How to complete this task:
When the line containing "Semena korenčka na" is found in the data below, give it again along with every later line, exactly; drop the pictures.

Input data:
§ §

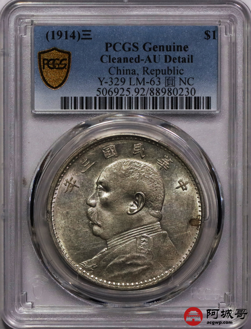 Lot:2 深打转光 三年大头壹圆 PCGS AU
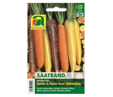 Semena korenčka na setvenem traku dolžine 4 m. Sorte: Nantes 2/Topfix, Purple Sun F1, Yelllowstone Setev v rastlinjak: januar - februar Setev na prosto: marec - julij Spravilo pridelka: junij - november Cenovna skupina: 3 a
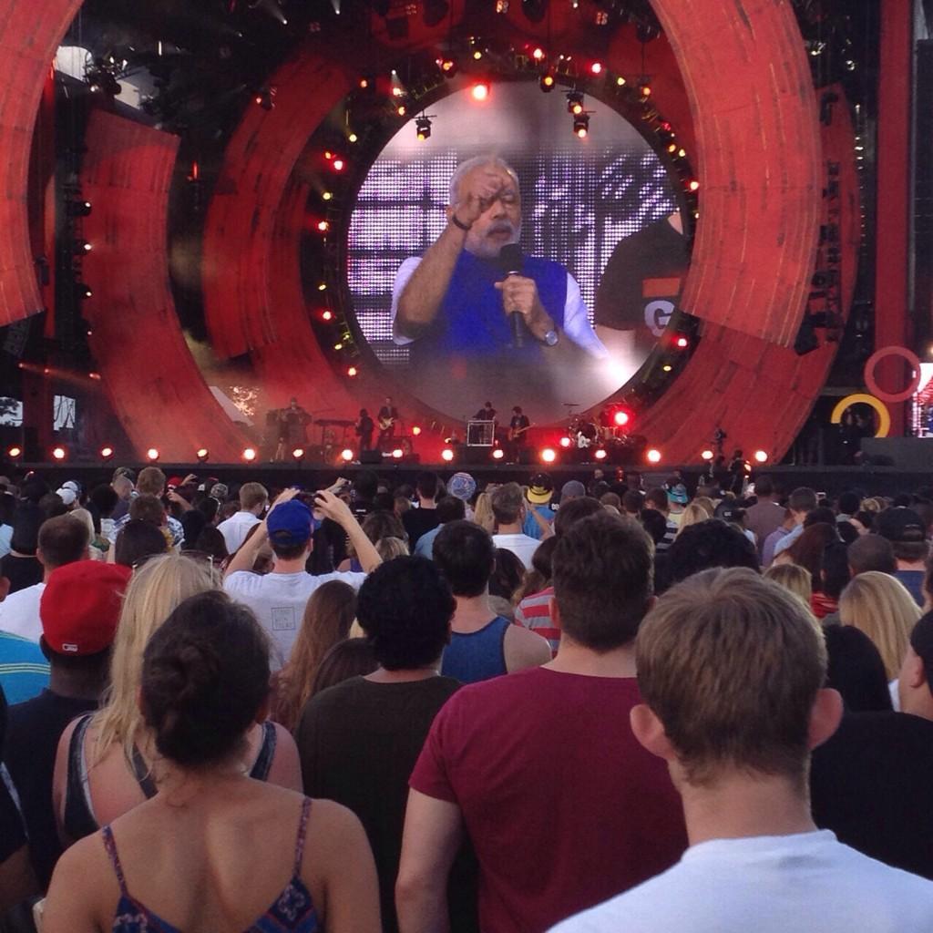 Addressing the crowd, Modi also sent his “Namaste” to those watching the concert on “TVs, laptops, tablets and phones”.

§ §

Your response:
 Semena korenčka na setvenem traku dolžine 4 m. Sorte: Nantes 2/Topfix, Purple Sun F1, Yelllowstone Setev v rastlinjak: januar - februar Setev na prosto: marec - julij Spravilo pridelka: junij - november Cenovna skupina: 3 a
 Addressing the crowd, Modi also sent his “Namaste” to those watching the concert on “TVs, laptops, tablets and phones”.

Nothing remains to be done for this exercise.